Recorded data
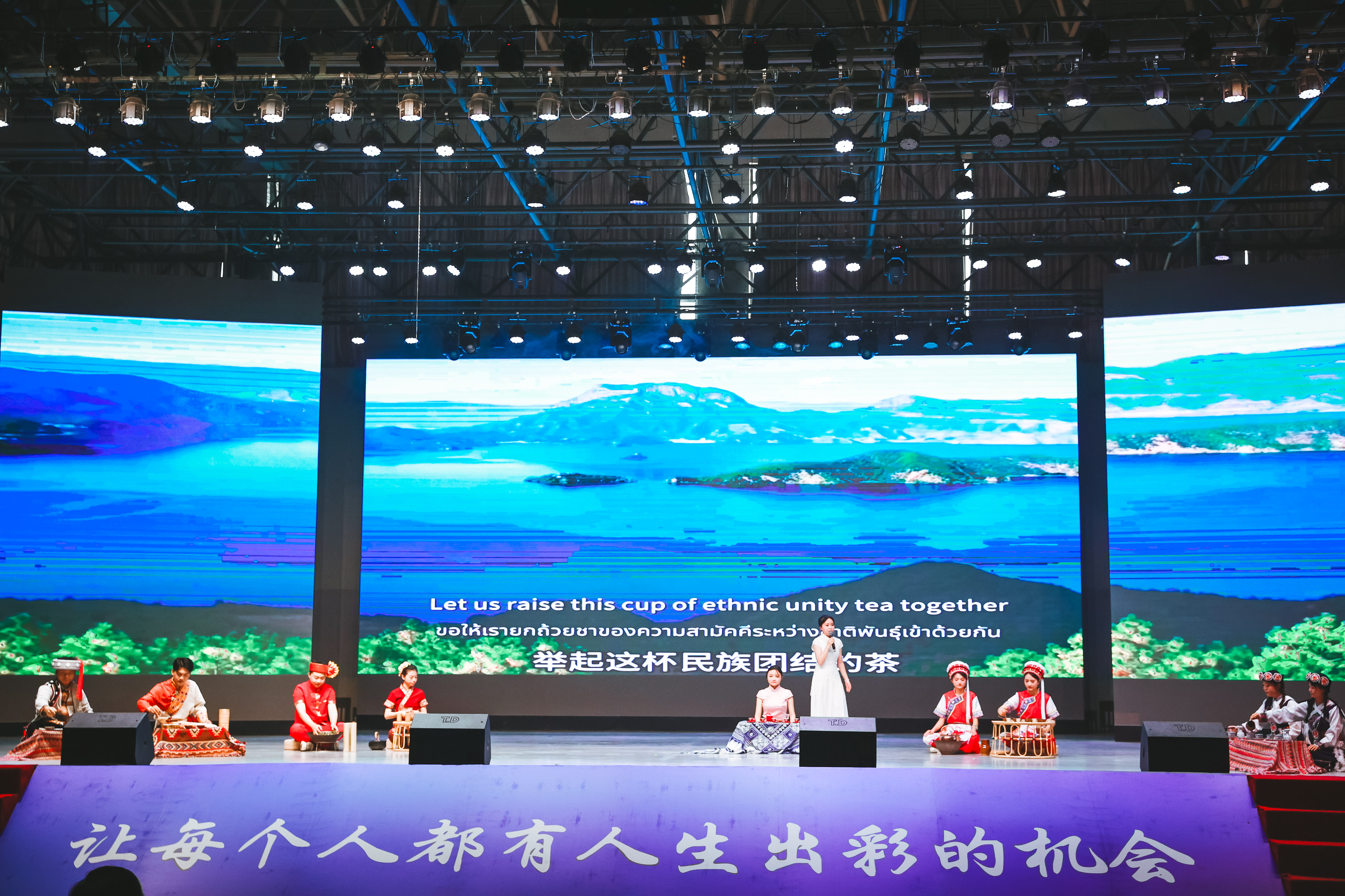 在澜湄青年文化交流展演舞台上,我校云安农文旅产业学院学子演绎原创茶艺节目《民族茶宴石榴红》,以云南多民族共生共荣的茶文化为脉络,生动诠释“各民族像石榴籽一样紧紧抱在一起”的内涵,展现了铸牢中华民族共同体意识在青年一代中的生动实践。悠扬的民族乐曲与醇厚的茶香交织萦绕,为在场嘉宾呈现了一场民族共同共融的“茶艺盛宴”。
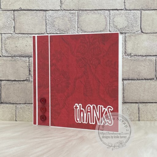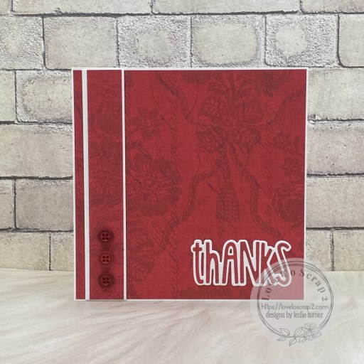 This 5″ square side-folding card base and embellishing strip were cut from Neenah Classic Crest 110# Solar White cardstock along with layering panels from a bold red print in the Spellbinders Flea Market Finds Floral 2 Palette paper pad. Using the Skinny Sentiments die set from STAMPlorations, I cut the sentiment letters from the red paper and the shadow from a Solar White scrap. The finishing touch was adding three buttons from the Buttons Galore & More Retro Christmas Buttons.
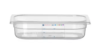 Nádoba GN 1/4 HACCP o hloubce 6,5 cm z průhledného polypropylenu.  Vložený štítek pro sledování procesu skladování. Nepohlcuje pachyóa příchutěóa.
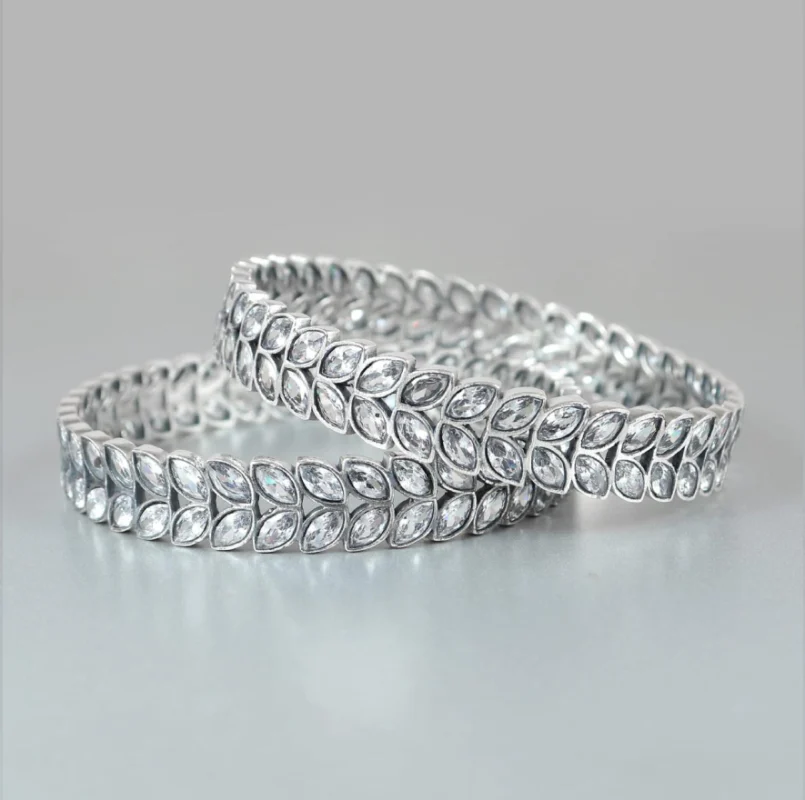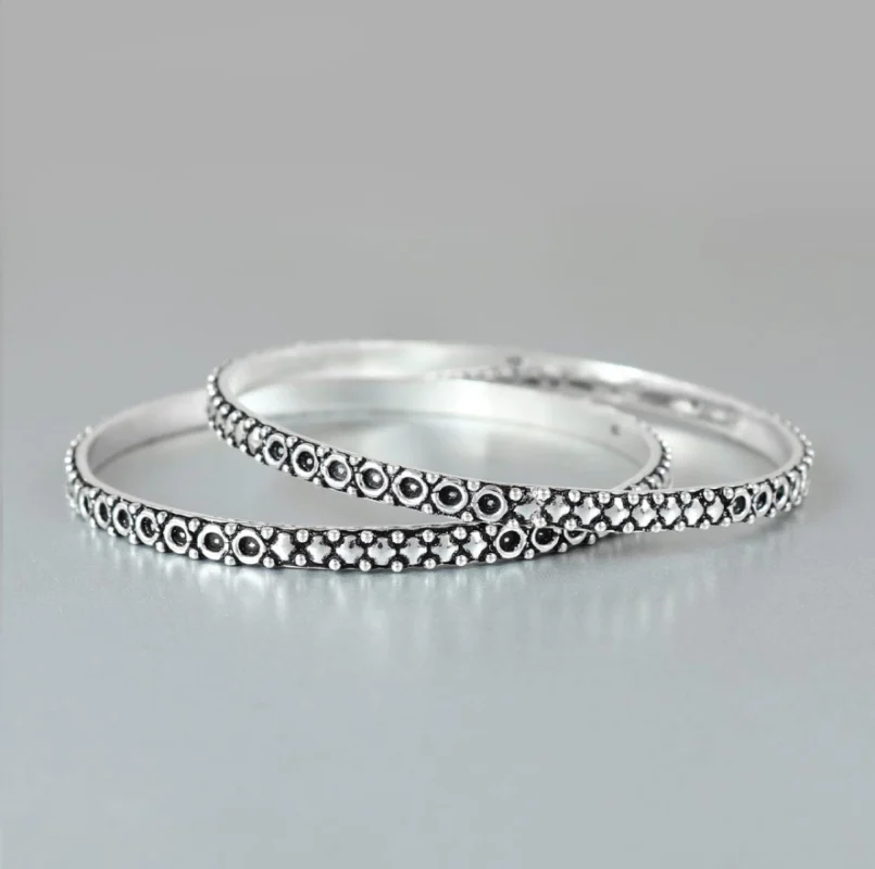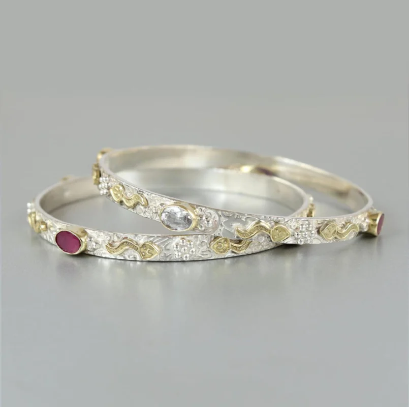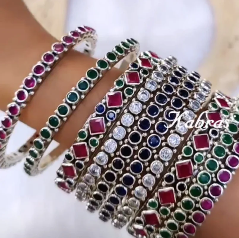 Discover a stunning collection of ladies’ bangles, crafted from sterling silver and adorned with various colorful gemstones and intricate designs. This assortment (Size 2.4) features a diverse range of styles, from elegant gemstone-studded patterns to sophisticated plain silver options, perfect for mixing, matching, and elevating any ethnic or contemporary ensemble. Each bangle is designed to add a touch of grace and sparkle to your wrist.
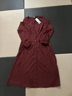 バーガンディ 長袖シャツワンピース 新品タグ付き
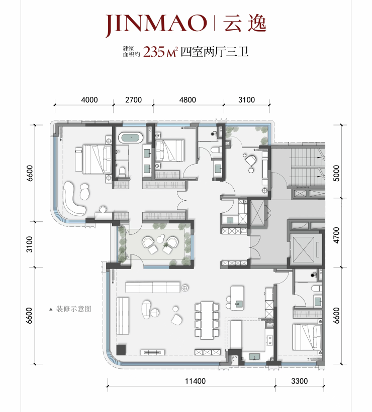 金茂璞逸锦江是中国金茂“璞系”产品在西南地区的首个落地项目,定位为金融城东高端豪宅标杆。项目由成都志茂置业有限公司开发,占地约52亩,容积率2.5,绿地率35%,规划9栋18-25层高层住宅,共386户,主打198-235㎡大平层,全精装交付,层高3.15米,预计2027年3月交房。
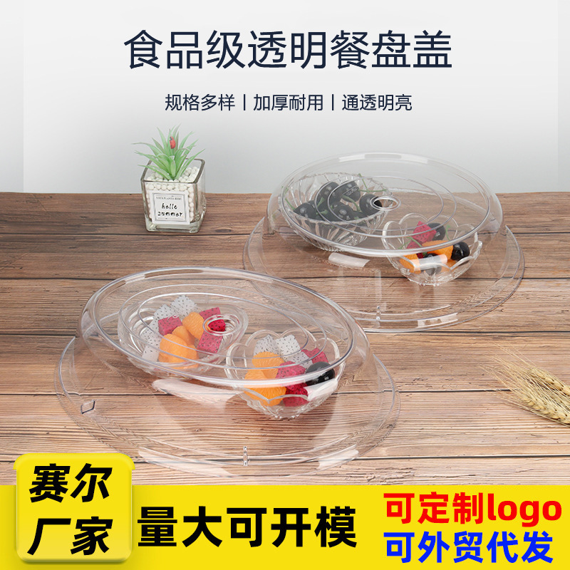 Pc透明蓋付き防塵試食盤商用果物盤食品展示盤は数盆メーカーに直接供給することができる
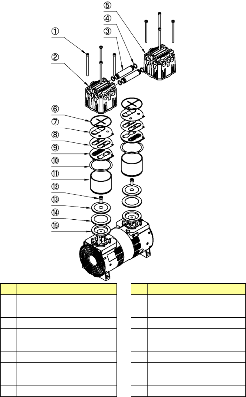 第 1 部 基本篇 第 3 章 维护 3- 46 ● 真空泵分解图 No. 名称 No. 名称 1 内六角螺栓( M 6×95 ) 8 根 10 气缸密封圈 2 泵头盖 1 11 气缸 3 连接管 12 内六角螺栓( M 8×20 ) 4 O环 P- 10 13 碗型密封圈压板 5 泵头盖 2 14 碗型密封圈 6 密封圈 15 连杆 7 阀挡板 8 吸排气阀 9 气缸板
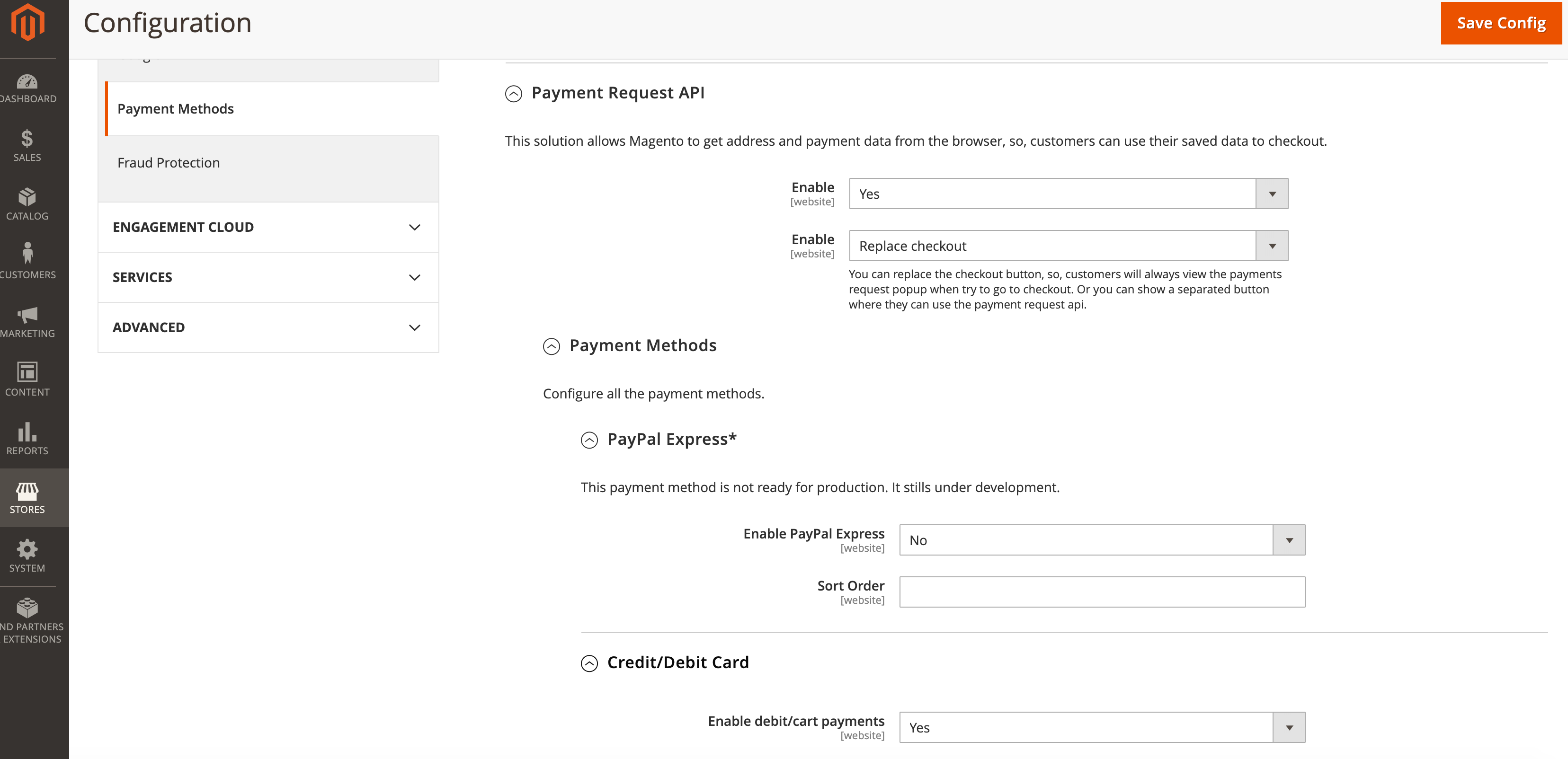 The Debit/Credit card option can be integrated with any payment provider, at this point we have Braintree ready to be used. In the Payment Request Api config there is an option where we choose the Magento payment method that will be used to process the debit/credit cart payments.

Your instructions
The records above need to be printed in full and exactly, without any of the pictures.

Exercise answer
 在澜湄青年文化交流展演舞台上,我校云安农文旅产业学院学子演绎原创茶艺节目《民族茶宴石榴红》,以云南多民族共生共荣的茶文化为脉络,生动诠释“各民族像石榴籽一样紧紧抱在一起”的内涵,展现了铸牢中华民族共同体意识在青年一代中的生动实践。悠扬的民族乐曲与醇厚的茶香交织萦绕,为在场嘉宾呈现了一场民族共同共融的“茶艺盛宴”。
 This 5″ square side-folding card base and embellishing strip were cut from Neenah Classic Crest 110# Solar White cardstock along with layering panels from a bold red print in the Spellbinders Flea Market Finds Floral 2 Palette paper pad. Using the Skinny Sentiments die set from STAMPlorations, I cut the sentiment letters from the red paper and the shadow from a Solar White scrap. The finishing touch was adding three buttons from the Buttons Galore & More Retro Christmas Buttons.
 Nádoba GN 1/4 HACCP o hloubce 6,5 cm z průhledného polypropylenu.  Vložený štítek pro sledování procesu skladování. Nepohlcuje pachyóa příchutěóa.
 Discover a stunning collection of ladies’ bangles, crafted from sterling silver and adorned with various colorful gemstones and intricate designs. This assortment (Size 2.4) features a diverse range of styles, from elegant gemstone-studded patterns to sophisticated plain silver options, perfect for mixing, matching, and elevating any ethnic or contemporary ensemble. Each bangle is designed to add a touch of grace and sparkle to your wrist.
 バーガンディ 長袖シャツワンピース 新品タグ付き
 金茂璞逸锦江是中国金茂“璞系”产品在西南地区的首个落地项目,定位为金融城东高端豪宅标杆。项目由成都志茂置业有限公司开发,占地约52亩,容积率2.5,绿地率35%,规划9栋18-25层高层住宅,共386户,主打198-235㎡大平层,全精装交付,层高3.15米,预计2027年3月交房。
 Pc透明蓋付き防塵試食盤商用果物盤食品展示盤は数盆メーカーに直接供給することができる
 第 1 部 基本篇 第 3 章 维护 3- 46 ● 真空泵分解图 No. 名称 No. 名称 1 内六角螺栓( M 6×95 ) 8 根 10 气缸密封圈 2 泵头盖 1 11 气缸 3 连接管 12 内六角螺栓( M 8×20 ) 4 O环 P- 10 13 碗型密封圈压板 5 泵头盖 2 14 碗型密封圈 6 密封圈 15 连杆 7 阀挡板 8 吸排气阀 9 气缸板
 The Debit/Credit card option can be integrated with any payment provider, at this point we have Braintree ready to be used. In the Payment Request Api config there is an option where we choose the Magento payment method that will be used to process the debit/credit cart payments.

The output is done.